--- EXTRACTED INFORMATION ---
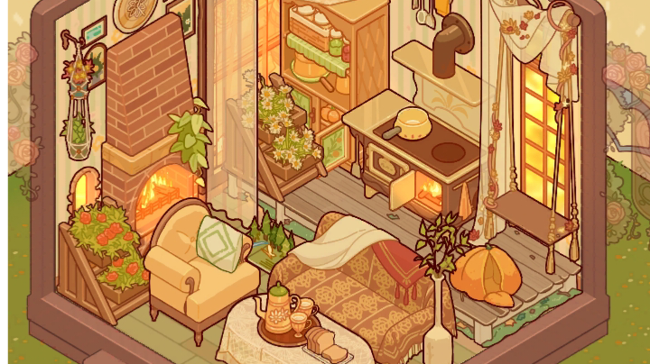 蜗壳新出的南瓜套真的好喜欢,主要是有食物摆件,又是暖光色调,而且是乡村田园风,戳中我心吧♡←但是我因为不怎么充就是日常攒壳子类型所以一般不喜欢的就抽完免费的,喜欢的就抽个两千多,留一点给下一套缓冲,还好这次的屋顶外围什么的我也不是很喜欢,本来是这样打算的,结果抽到那个设计奖励八张设计稿的时候(平时抽到这里),我特别特别想要的那个吊篮墙饰还有窗户还有花盆+椅子都没出过,然后我壳子也不多了还有一千左右
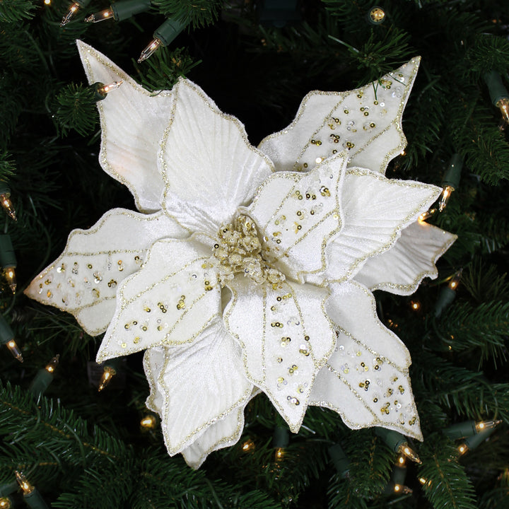 Refined and precious, this 20" cream velvet poinsettia stem with a 10" flower seduces with its soft hue and silky texture. Its delicate petals add elegance and brightness to decorations. Ideal for a tree, a wreath, or a festive table, it pairs well with gold, copper, or wood tones. It creates a chic and timeless ambiance.
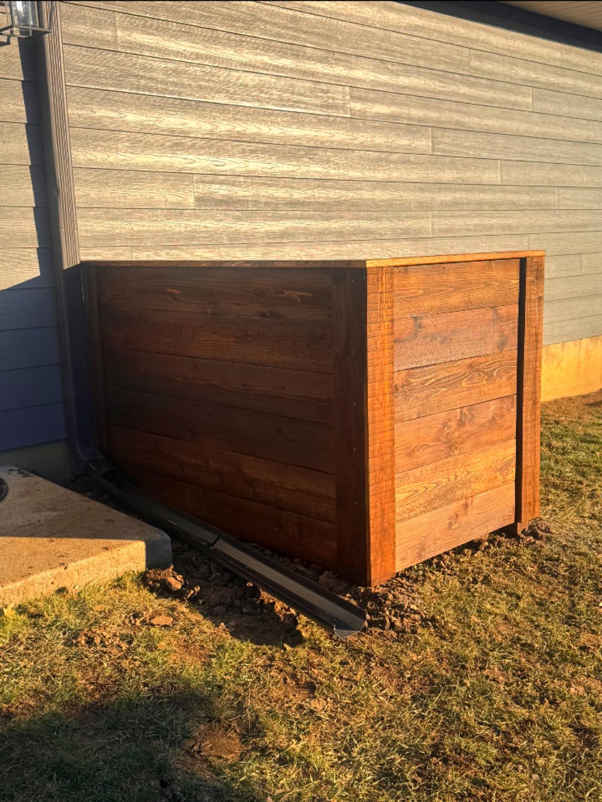 Clean, intentional structures that help organize functional equipment and reduce visual clutter in the yard. Designed to keep necessary elements integrated into the overall landscape aesthetic.
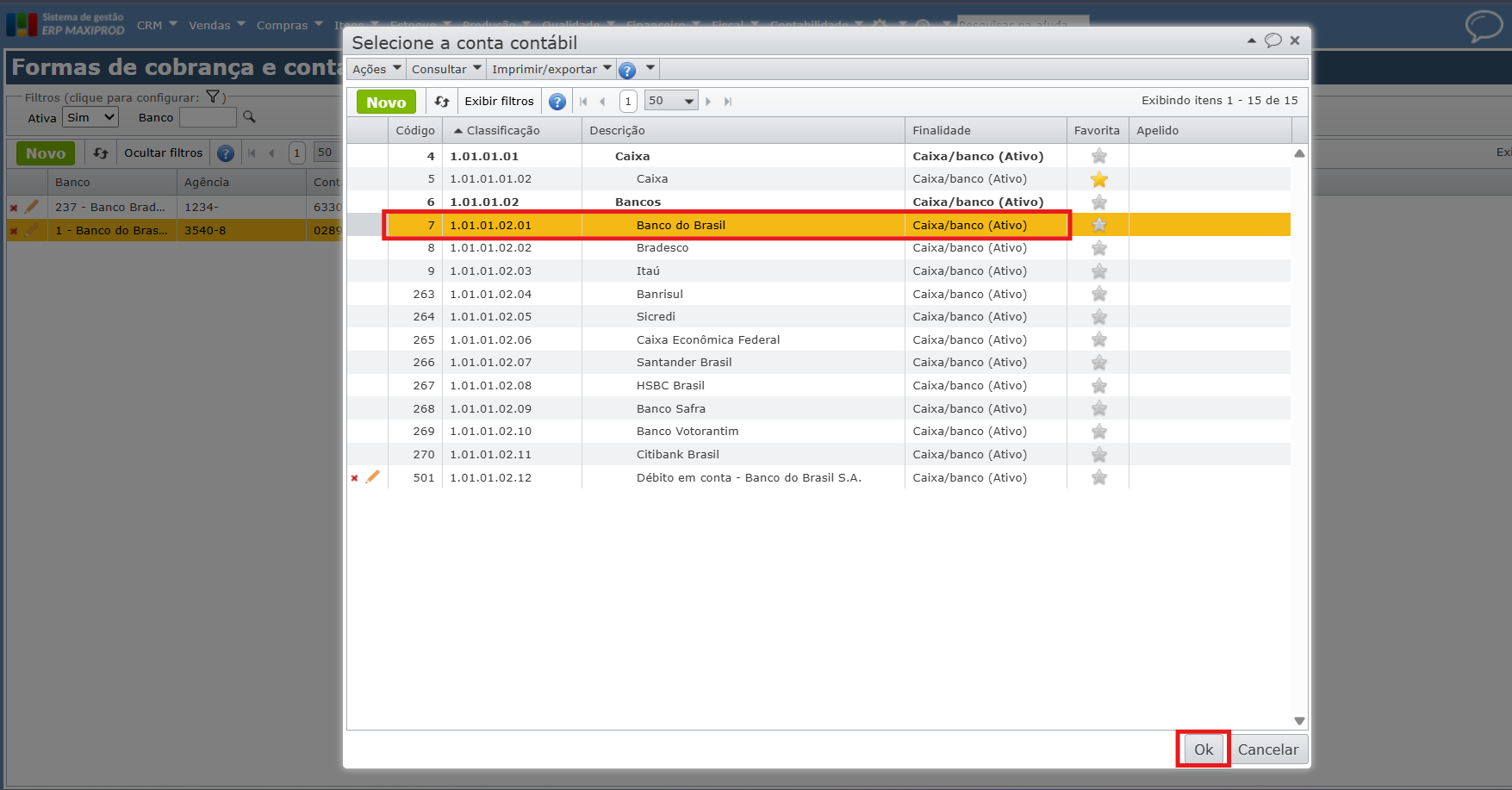 b) Selecione a conta contábil de forma que a linha fique destacada em laranja e clique no botão cinza “Ok”.
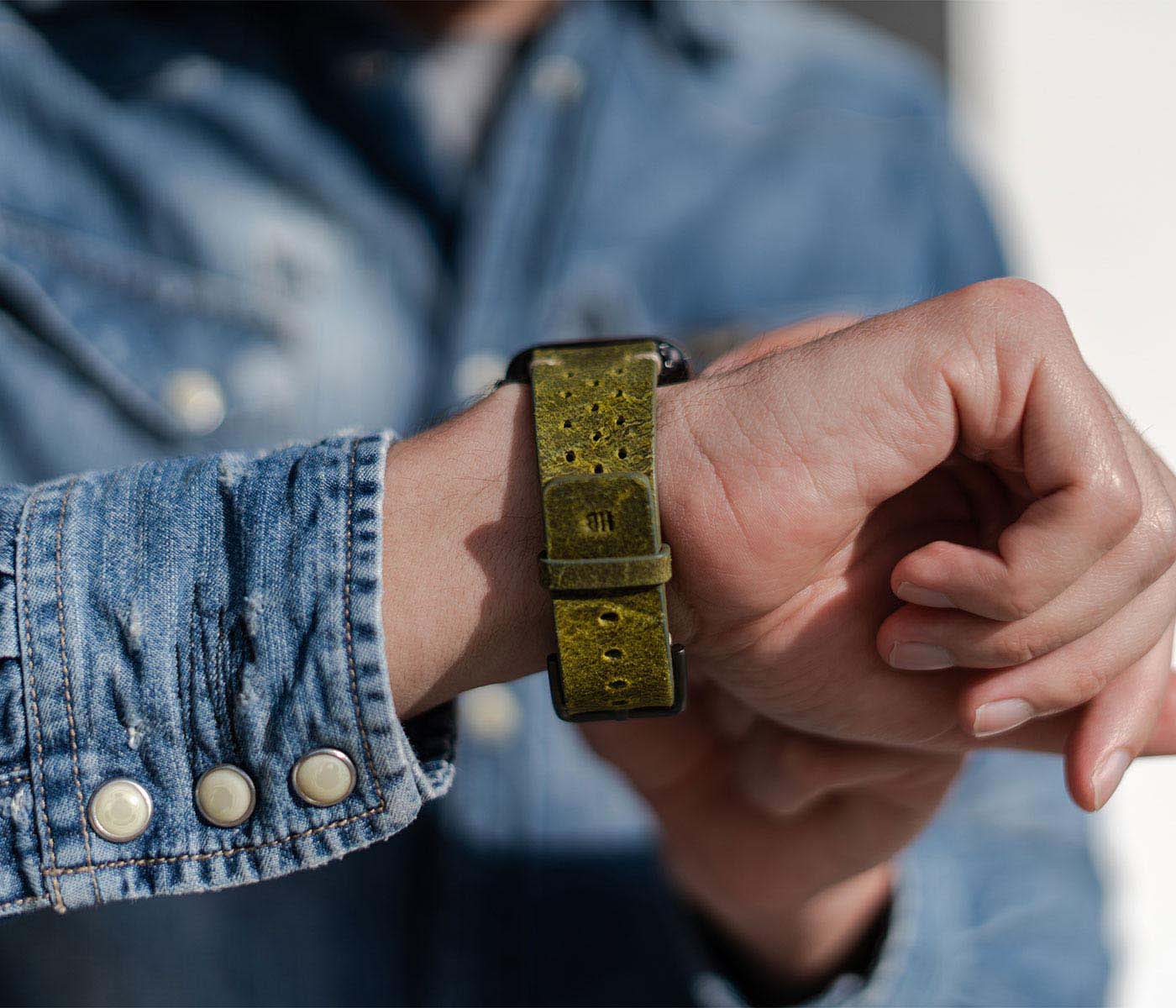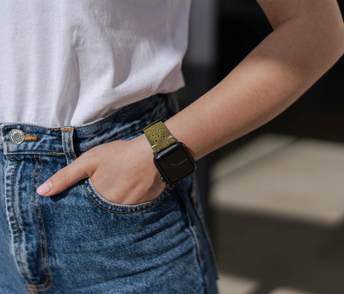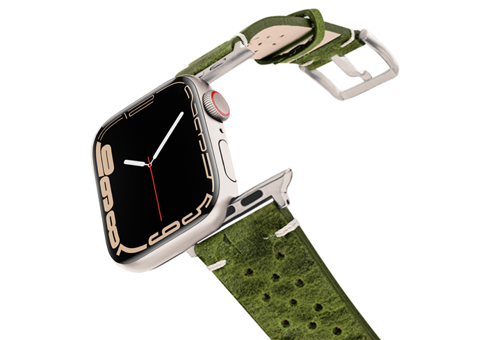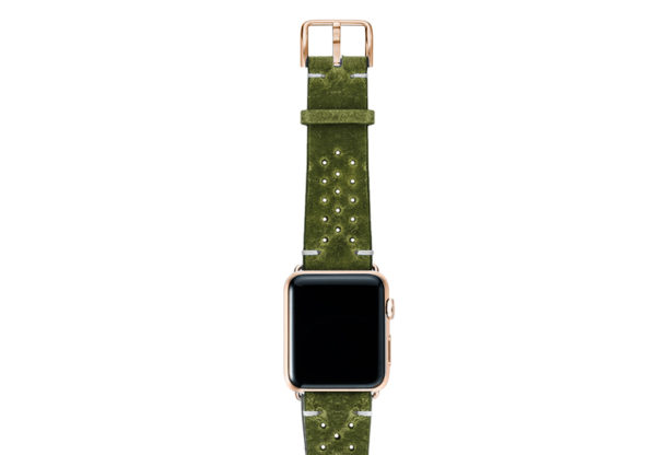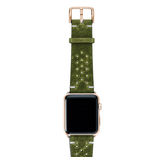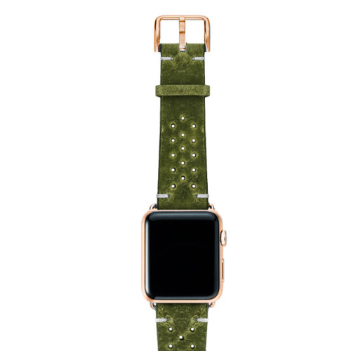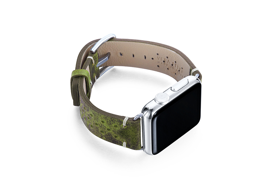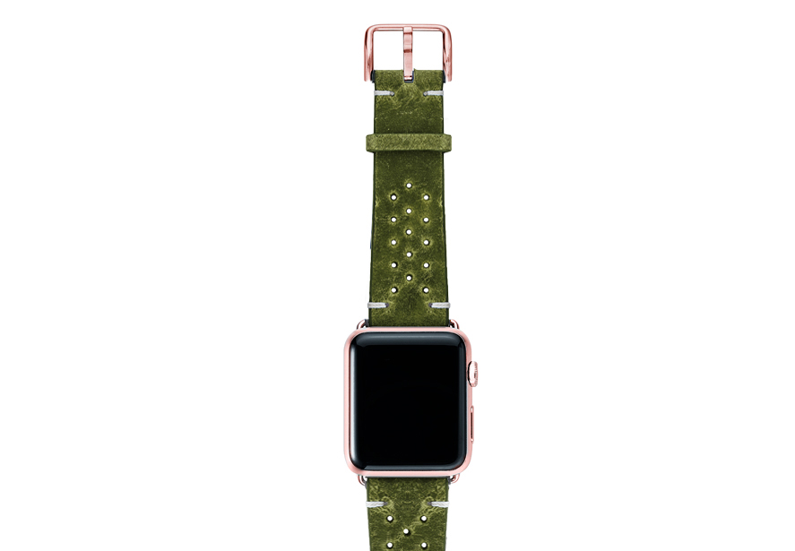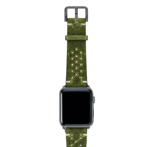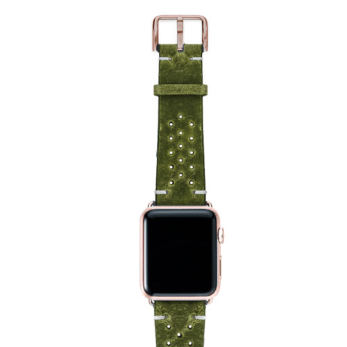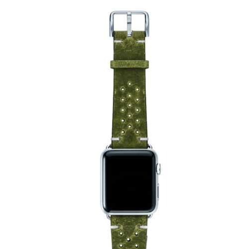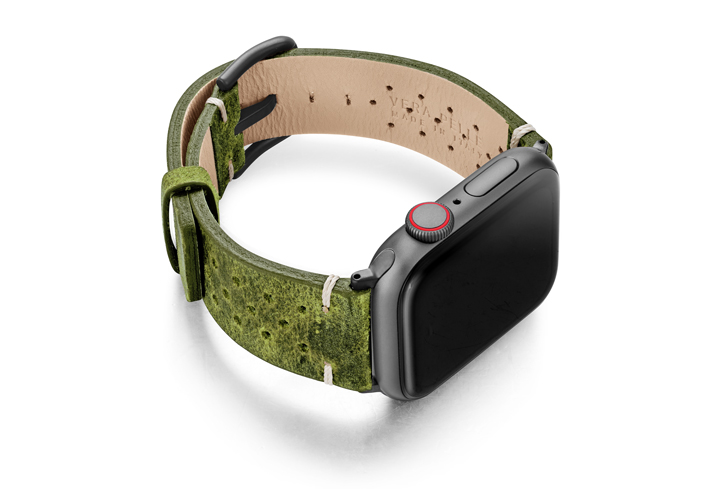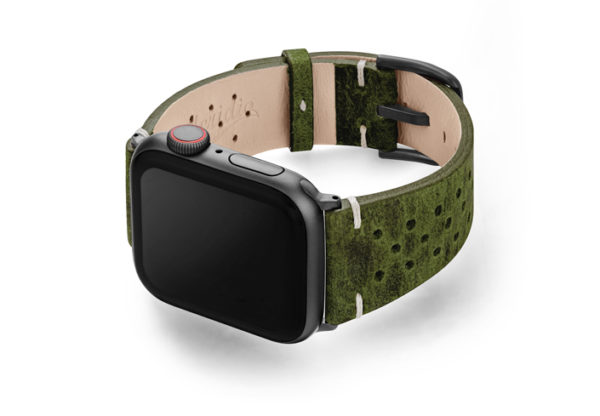 In Italy, green is Hope’s colour, and our desire at Meridio, is to share it with all of you. Be Hopeful having at your wrist this transpirant aged calf leather band enriched by 30 handmade slots. Available only for AW 42/ 44/45/49 mm and it works with new series 8,Ultra & SE and previous 7|6|5|4|3|2|1
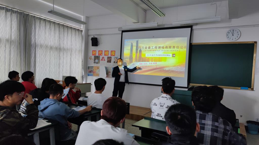 5月25日上午,太阳成集团tyc122ccvip在明尚楼C406教室开展了优质企业进校园宣讲招聘活动。本次宣讲会邀请了四川金鑫工程测绘有限责任公司进行现场宣讲招聘,20级地下与隧道技术专业和20级工程造价专业的同学参加了此次宣讲招聘会。
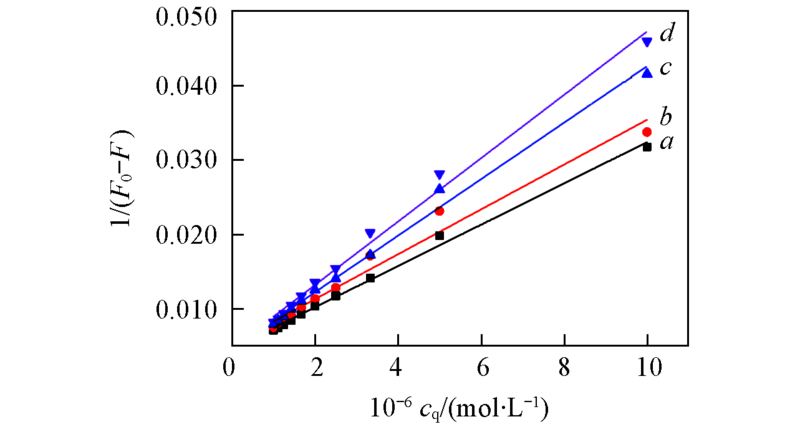 Fig.5 Stem-Volmer plots for the fluorescence quenching of BSA by APYP at different temperaturesa. 298.15 K, slope=1.0622, R=0.9996; b. 302.15 K, slope=1.0194, R=0.9985; c. 306.15 K, slope=0.9414, R=0.9987; d. 310.15 K, slope=0.9133, R=0.9977.
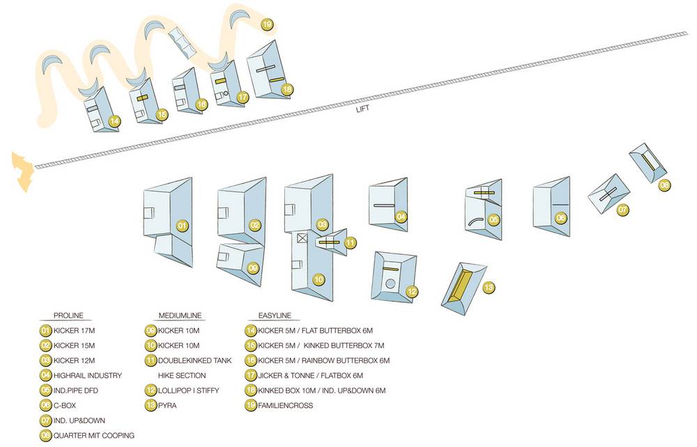 3er Kickerline, Rails und Boxen locken die Freerider an den Gaisskarferner
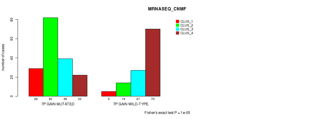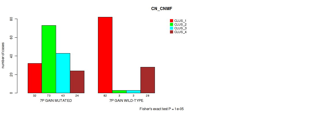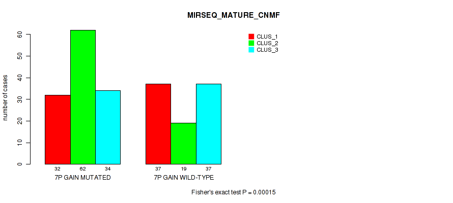7p gain cnv correlated to 'CN_CNMF', 'METHLYATION_CNMF', 'RPPA_CNMF', 'RPPA_CHIERARCHICAL', 'MRNASEQ_CNMF', 'MRNASEQ_CHIERARCHICAL', 'MIRSEQ_CNMF', 'MIRSEQ_CHIERARCHICAL', 'MIRSEQ_MATURE_CNMF', and 'MIRSEQ_MATURE_CHIERARCHICAL'.
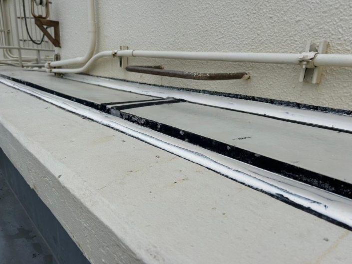 特に笠木は全体的にコーキングの劣化が見られ、放置すると雨漏りや躯体に悪影響を及ぼす可能性もありました💦
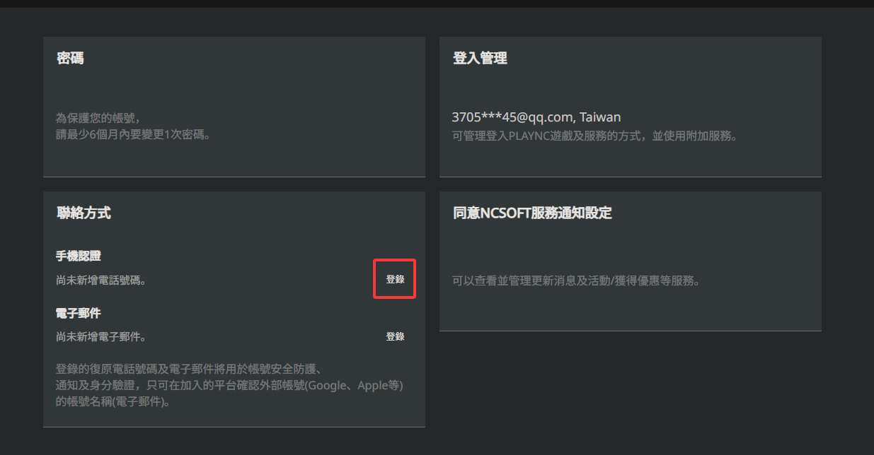 1.点击链接: https://id.plaync.com/myinfo ,登录到账户管理网站,点击图中登录
---
* TASK DESCRIPTION *
Your reply should consist solely of the lines above from the line containing "3er Kickerline, Rails" up to and including the line containing "特に笠木は全体的にコーキング", reproduced exactly, minus the pictures.

* FINISHED EXERCISE *
 3er Kickerline, Rails und Boxen locken die Freerider an den Gaisskarferner
7p gain cnv correlated to 'CN_CNMF', 'METHLYATION_CNMF', 'RPPA_CNMF', 'RPPA_CHIERARCHICAL', 'MRNASEQ_CNMF', 'MRNASEQ_CHIERARCHICAL', 'MIRSEQ_CNMF', 'MIRSEQ_CHIERARCHICAL', 'MIRSEQ_MATURE_CNMF', and 'MIRSEQ_MATURE_CHIERARCHICAL'.
 特に笠木は全体的にコーキングの劣化が見られ、放置すると雨漏りや躯体に悪影響を及ぼす可能性もありました💦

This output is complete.